During an interview on 06/25/19 at 1:13 PM, Staff L, ED RN, stated:
- The main role of the nurse would be to assess their patient, monitor their orders, take care of any bedside needs, and monitor their vital signs and any diagnostic equipment.
- The patient's primary nurse would be involved in relaying to case management any patient needs, and any concerns voiced by the patient or their family. This would help to ensure that the proper level of care was obtained upon discharge or transfer.
- Part of the patient assessment would be to ask them to describe their pain utilizing a pain scale. With a complaint of pain, the patient would typically be given medications as quickly as possible.
- Once the medication was removed from the dispenser it would be given immediately, and he had never witnessed pain medications lying at the nurses' desk.
- Upon discharge, the patient/family would be given any new prescriptions, detailed instructions for continued care at home, and any information that may be needed regarding follow-up.
- He had administered pain medication to Patient #18 twice prior to her discharge from the ED.
- He had provided her family with discharge instructions, and ensured that proper documentation had been sent with her to the LTC facility.

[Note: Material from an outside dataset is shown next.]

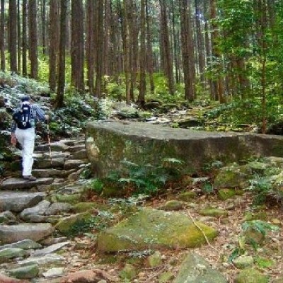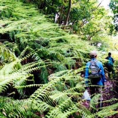 天然記念物に指定されている尾鷲神社の「大楠」、尾鷲湾沿いに天満浦の道を歩き、明治時代に峠道ではなく大八車を通るように作られた尾鷲と海山を結ぶ道「猪ノ鼻水平道」で自然に触れ、世界遺産熊野古道の魅力の一つである苔むした石畳の中でも最も美しく現存していると言われる「馬越峠」で歴史を思い、中井町通りで終点となります。世界遺産熊野古道をはじめ、尾鷲市の歴史や自然を満喫することができるコースです。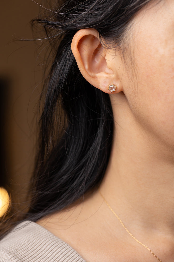 六角形にカットされたダイヤモンドをピアスにしました。表面のカットが光を反射して、動くたびにキラキラと輝きます。透明の六角形は雪の結晶を思い出させる形。肌が透け、より光を集められるよう、ピアスのポストは六角形の頂点の裏につけました。高い透明度で透き通っていながら、インクルージョンも入っているのが見える、ileavaの森の冬の湖で見つけたようなナチュラルダイヤです。普段シルバーしか選ばないかた、男性にもお勧めです。

During an interview on 06/25/19 at 2:09 PM, Staff M, ED RN, stated:
- When a patient arrived by ambulance, the paramedics on that trip would give the receiving nurse a bedside report.
- Prior to arrival, any patient being transferred to the ED for evaluation would have already had their information reviewed by the flow coordinator or a charge nurse. There would have been a doctor to doctor report, and a nurse to nurse report.
- Upon arrival to the ED, the patient would be placed in a bed for initial assessment. The ED physician would evaluate the patient and clear any spinal precautions (precautions taken to completely immobilize the spine and restrict movement to prevent injury to the spinal cord, ex. log rolling, or rolling as one to maintain proper alignment).
- When patient #18 arrived at the ED she had already had her C-collar in place. If any discs or images accompany the patient, they would be taken over to the CT technician so that they could be uploaded into the computer immediately. This would allow them to be ready for the physician to review.
- Pain level is always part of the assessment, and any medications removed from the medication dispenser are given right away.
- Patient #18's images had been uploaded. This had allowed the neurosurgeon to review them from a remote location and determine her plan of care.
- She had provided discharge instructions, in which the family had voiced concerns over.
- She had facilitated the order for case management to get involved and for Patient #18 to be moved from a trauma room, into a holding area to rest and await case management.

Patient #18 had arrived at the facility's ED department on 5/16/19 at 3:45 AM, she was discharged to a LTC facility the same day at 3:18 PM. The neurosurgeon had not physically examined her, nor had not spoken with the family. The CT results from Hospital B showed that she had a fracture involving the anterior arch and bilaterally posterior arch of C1; mildly displaced type 11 dens fracture. When the neurosurgeon reviewed the CT images, he stated that he would classify her C1/C2 fracture as a Type 2/Borderline Type 3 odontiod/dens fracture. He had determined that the fracture was stable and had recommended the treatment of immobilization and re-evaluation in 1-2 weeks.

The complaint was found to be unsubstantiated with no citations.